--- Source material Enclosed Below ---

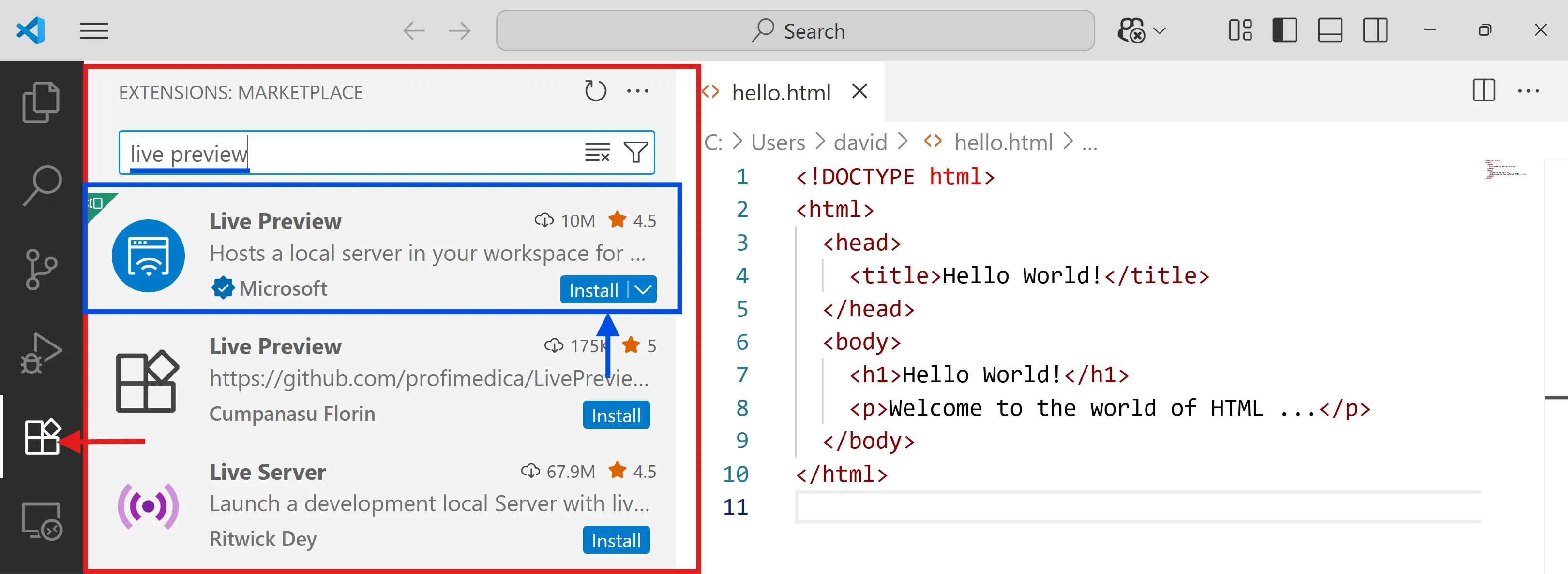 Instal·la l’extensió Live Preview (Microsoft) que et permet visualitzar el document en el mateix editor amb un navegador integrat:
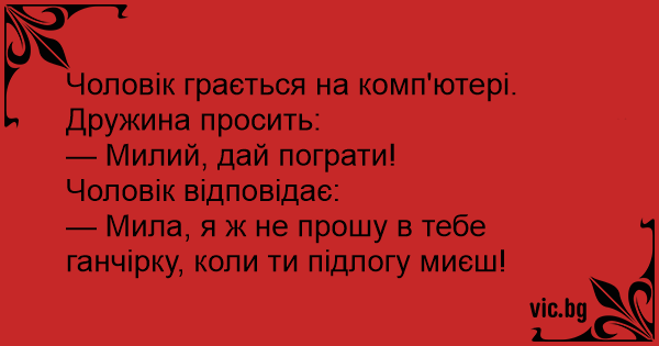 — Мила, я ж не прошу в тебе ганчірку, коли ти підлогу миєш!
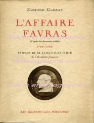 CLERAY Edmond.« L’AFFAIRE FAVRAS », Préface de Louis Barthou. Les Éditions des Portiques, 1932 ; 160 X 210 mm, broché. Exemplaire de presse. Très bel envoi autographe signé, adressé à Pierre de Nolhac. Ex-libris de M. Melchior-Bonnet.
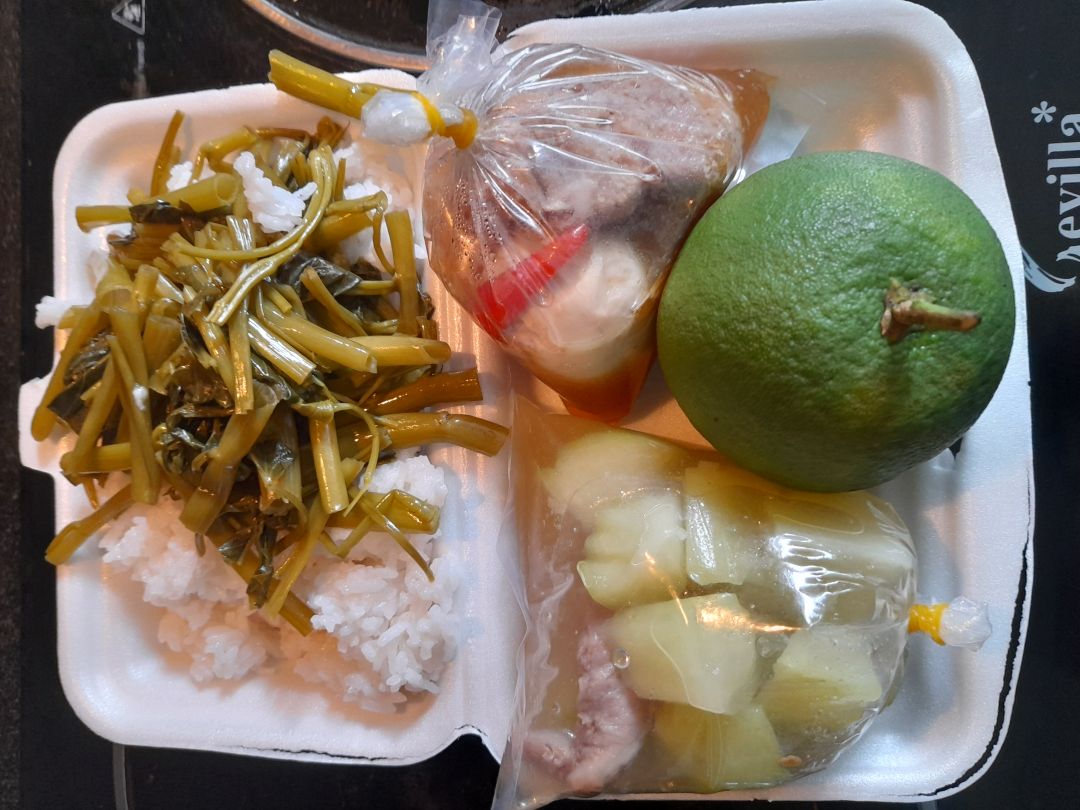 Sáng nấu 265 phần cơm thịt heo kho trứng; su su xào; canh bí đỏ+ sườn que.
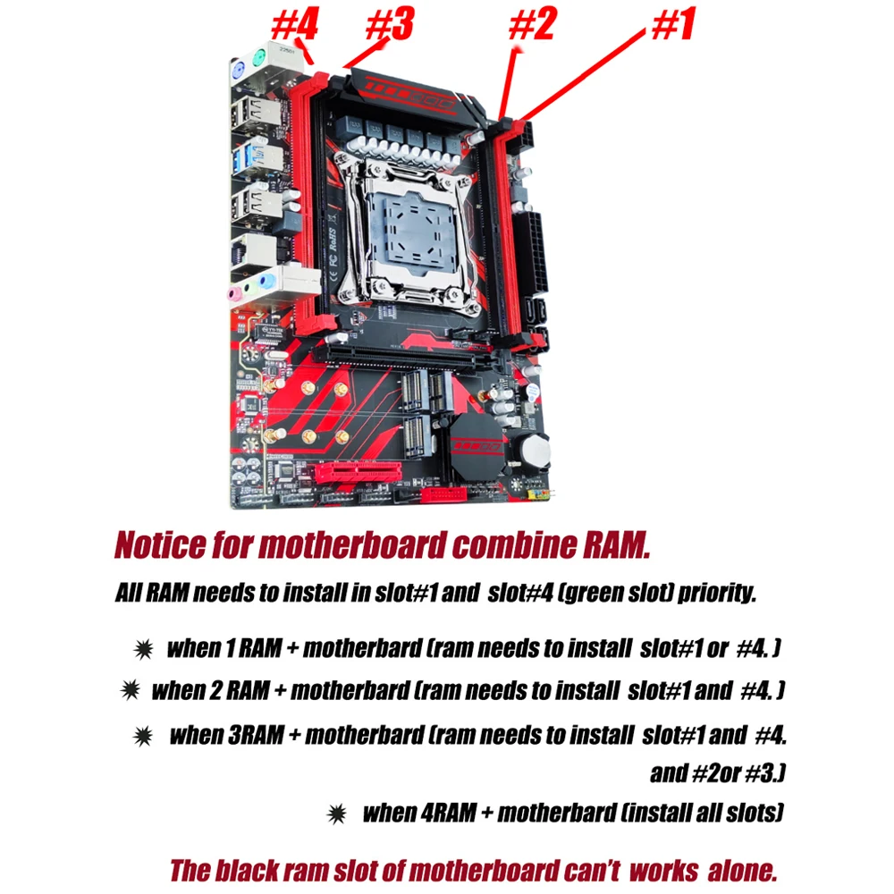 Debido a los diferentes lotes de producción, la placa base X99 puede tener un diseño ligeramente diferente, como diferentes colores de ranuras de memoria o posición de puertos SATA o versión de placa base, etc. Nuestro objetivo es hacerla gradualmente más potente.
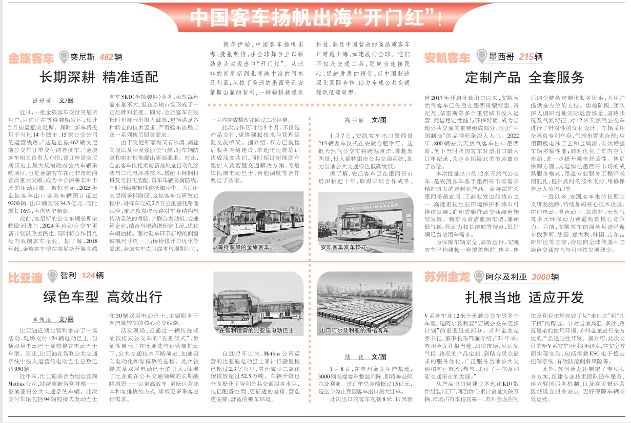 新年伊始,中国客车扬帆出海、捷报频传,在全球舞台上以强劲势头实现出口“开门红”。从北非的突尼斯到北邻地中海的阿尔及利亚,从拉丁美洲的墨西哥到安第斯山麓的智利,一辆辆搭载绿色科技、彰显中国智造的高品质客车正跨越山海,加速驶向全球。它们不仅是交通工具,更成为连接民心、促进发展的纽带,以中国制造深化国际合作、助力全球公共交通绿色低碳转型。
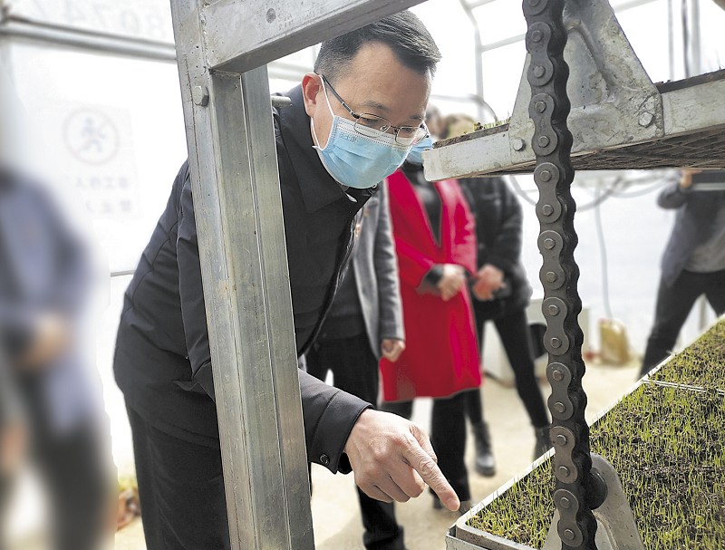 县委书记石录明在乐安镇察看早稻集中育秧情况。
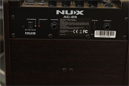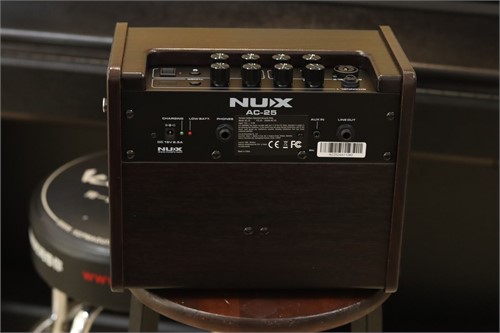 NUX AC-25 là Acoustic Amplifier 2 kênh có tích hợp pin sạc có thời lượng sử dụng lên đến 4 giờ, trang bị của loa 6.5”, bộ Preamp giả lập được nhiều kiểu tiếng, có effect cần thiết cho guitar thùng Reverb. Ngoài ra, NUX AC-25 còn có Bluetooth để phát nhạc, Drum Machine để tập luyện.
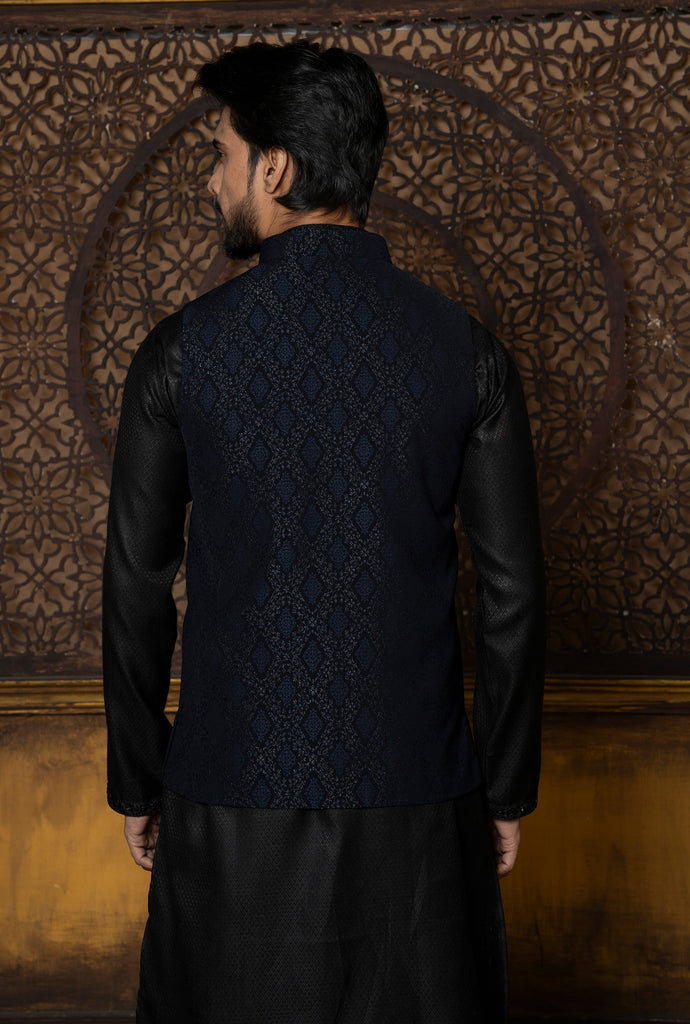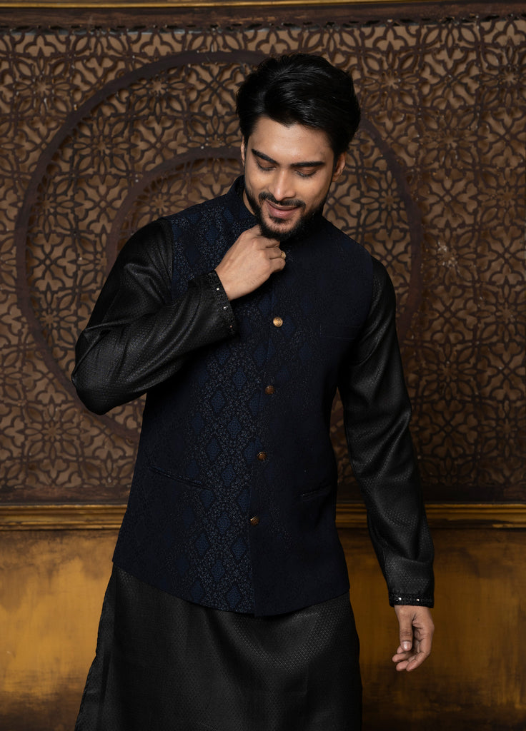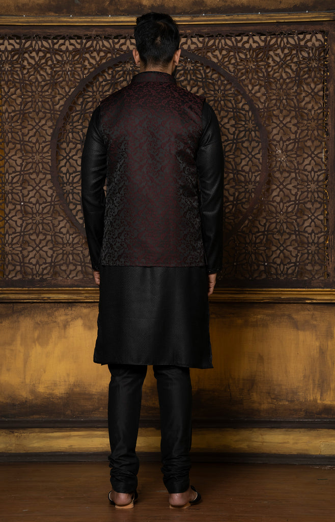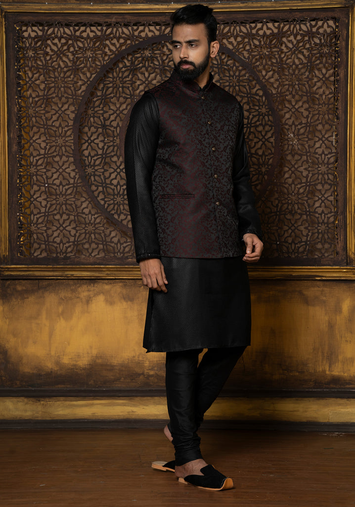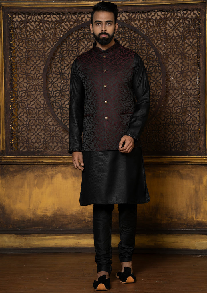 Full Set Includes: 1 Black Kurta, 1 Black Pyjama, and the Jacket of your selection
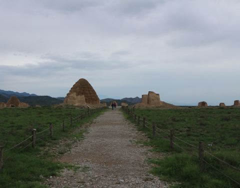宁夏银川的西夏王陵是非常的残缺的,剩下了不多的一个个小土塔,有几个还只能说是小土堆了,其中有一个供大部分人参观的土塔前有一长长的墓道,也就是一条土路了,现在铺了水泥。
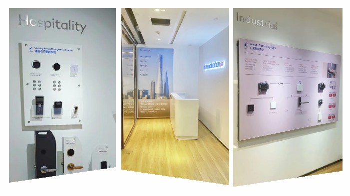 新辦公室不僅是日常運(yùn)營的基地,也是展示多瑪凱拔綜合解決方案的窗口。這里整合展示了我們?yōu)樯虡I(yè)、工業(yè)、酒店和住宅等垂直市場(chǎng)提供的安防及門控解決方案,涵蓋門用五金、自動(dòng)化出入口控制系統(tǒng)、智能鎖、門禁系統(tǒng)等品類,旨在為客戶提供安全、靈活且先進(jìn)的產(chǎn)品組合和服務(wù)。
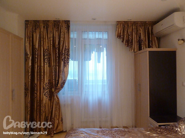 А я бы правую "штору" и сделала ламбрекеном, т.е. чтобы она шла от левой длинной шторы и до правой стены... Сделать левый край (правой шторины) немного длиннее, так, чтобы его можно было подвязать около шкафа и при этом штора будет "навесать" над окном как ламбрекен....
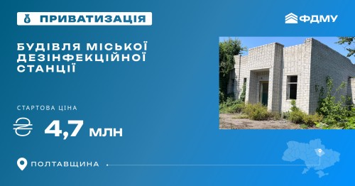 Фонд держмайна виставив на приватизацію будівлю Кременчуцької міської дезінфекційної станції загальною площею 1 273 м² на Полтавщині. Аукціон відбудеться в електронній торговій системі «Прозорро.Продажі».
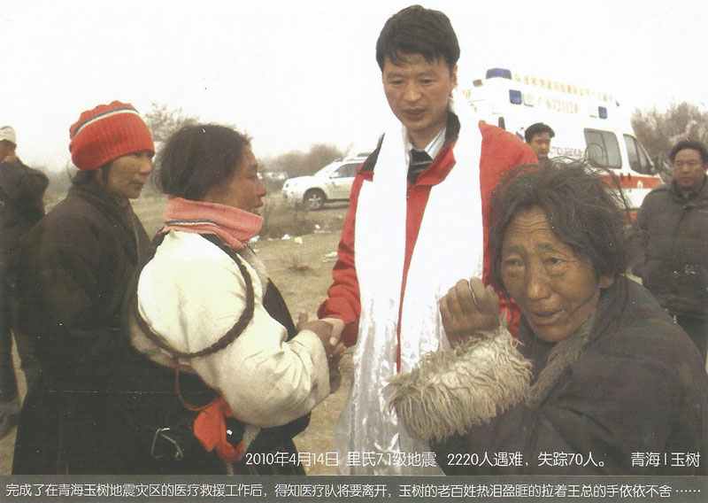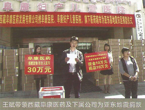 2008年5月12日14時(shí)28分,在得知發(fā)生在四川汶川8級(jí)的強(qiáng)烈地震后,王斌被深深的震撼了,5月13日第一時(shí)間帶頭捐款并號(hào)召全公司347名員工為災(zāi)區(qū)人民獻(xiàn)愛心,在王斌的帶領(lǐng)下短短的一上午公司即向西藏紅十字會(huì)捐款10062萬元(其中王斌個(gè)人捐款5062萬元)。13日下午,王斌隨即召開阜康醫(yī)院醫(yī)務(wù)人員趕赴災(zāi)區(qū)醫(yī)療救援動(dòng)員大會(huì),并迅速組建了一支由他本人作為領(lǐng)隊(duì)的26人醫(yī)療救援隊(duì)。同時(shí)他還帶領(lǐng)醫(yī)療隊(duì)為盡快抵達(dá)地震災(zāi)區(qū)并第一時(shí)間參與醫(yī)療救援,而且決定在成都臨時(shí)購買一輛配備完善的救護(hù)車,還包括大量藥品、生活物品、以及部分醫(yī)療設(shè)備,此次救災(zāi)共投入130余萬元。
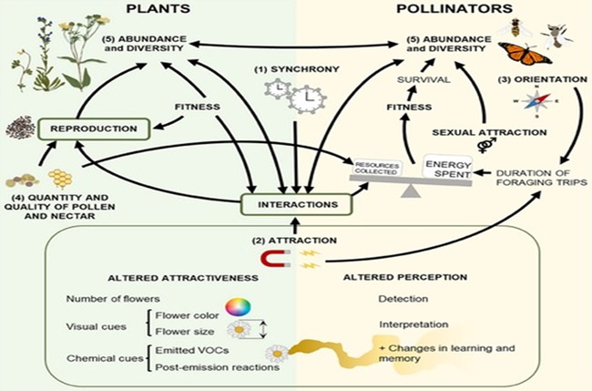 - It may alter plant and pollinator communities through species-specific sensitivity and reduced pollinator sexual communication.

--- End of Enclosed Source material ---

#### [Brief]
Text only, pictures out: give every record again as written.

#### [Result for this task]
 Instal·la l’extensió Live Preview (Microsoft) que et permet visualitzar el document en el mateix editor amb un navegador integrat:
 — Мила, я ж не прошу в тебе ганчірку, коли ти підлогу миєш!
 CLERAY Edmond.« L’AFFAIRE FAVRAS », Préface de Louis Barthou. Les Éditions des Portiques, 1932 ; 160 X 210 mm, broché. Exemplaire de presse. Très bel envoi autographe signé, adressé à Pierre de Nolhac. Ex-libris de M. Melchior-Bonnet.
 Sáng nấu 265 phần cơm thịt heo kho trứng; su su xào; canh bí đỏ+ sườn que.
 Debido a los diferentes lotes de producción, la placa base X99 puede tener un diseño ligeramente diferente, como diferentes colores de ranuras de memoria o posición de puertos SATA o versión de placa base, etc. Nuestro objetivo es hacerla gradualmente más potente.
 新年伊始,中国客车扬帆出海、捷报频传,在全球舞台上以强劲势头实现出口“开门红”。从北非的突尼斯到北邻地中海的阿尔及利亚,从拉丁美洲的墨西哥到安第斯山麓的智利,一辆辆搭载绿色科技、彰显中国智造的高品质客车正跨越山海,加速驶向全球。它们不仅是交通工具,更成为连接民心、促进发展的纽带,以中国制造深化国际合作、助力全球公共交通绿色低碳转型。
 县委书记石录明在乐安镇察看早稻集中育秧情况。
 NUX AC-25 là Acoustic Amplifier 2 kênh có tích hợp pin sạc có thời lượng sử dụng lên đến 4 giờ, trang bị của loa 6.5”, bộ Preamp giả lập được nhiều kiểu tiếng, có effect cần thiết cho guitar thùng Reverb. Ngoài ra, NUX AC-25 còn có Bluetooth để phát nhạc, Drum Machine để tập luyện.
 Full Set Includes: 1 Black Kurta, 1 Black Pyjama, and the Jacket of your selection
宁夏银川的西夏王陵是非常的残缺的,剩下了不多的一个个小土塔,有几个还只能说是小土堆了,其中有一个供大部分人参观的土塔前有一长长的墓道,也就是一条土路了,现在铺了水泥。
 新辦公室不僅是日常運(yùn)營的基地,也是展示多瑪凱拔綜合解決方案的窗口。這里整合展示了我們?yōu)樯虡I(yè)、工業(yè)、酒店和住宅等垂直市場(chǎng)提供的安防及門控解決方案,涵蓋門用五金、自動(dòng)化出入口控制系統(tǒng)、智能鎖、門禁系統(tǒng)等品類,旨在為客戶提供安全、靈活且先進(jìn)的產(chǎn)品組合和服務(wù)。
 А я бы правую "штору" и сделала ламбрекеном, т.е. чтобы она шла от левой длинной шторы и до правой стены... Сделать левый край (правой шторины) немного длиннее, так, чтобы его можно было подвязать около шкафа и при этом штора будет "навесать" над окном как ламбрекен....
 Фонд держмайна виставив на приватизацію будівлю Кременчуцької міської дезінфекційної станції загальною площею 1 273 м² на Полтавщині. Аукціон відбудеться в електронній торговій системі «Прозорро.Продажі».
 2008年5月12日14時(shí)28分,在得知發(fā)生在四川汶川8級(jí)的強(qiáng)烈地震后,王斌被深深的震撼了,5月13日第一時(shí)間帶頭捐款并號(hào)召全公司347名員工為災(zāi)區(qū)人民獻(xiàn)愛心,在王斌的帶領(lǐng)下短短的一上午公司即向西藏紅十字會(huì)捐款10062萬元(其中王斌個(gè)人捐款5062萬元)。13日下午,王斌隨即召開阜康醫(yī)院醫(yī)務(wù)人員趕赴災(zāi)區(qū)醫(yī)療救援動(dòng)員大會(huì),并迅速組建了一支由他本人作為領(lǐng)隊(duì)的26人醫(yī)療救援隊(duì)。同時(shí)他還帶領(lǐng)醫(yī)療隊(duì)為盡快抵達(dá)地震災(zāi)區(qū)并第一時(shí)間參與醫(yī)療救援,而且決定在成都臨時(shí)購買一輛配備完善的救護(hù)車,還包括大量藥品、生活物品、以及部分醫(yī)療設(shè)備,此次救災(zāi)共投入130余萬元。
 - It may alter plant and pollinator communities through species-specific sensitivity and reduced pollinator sexual communication.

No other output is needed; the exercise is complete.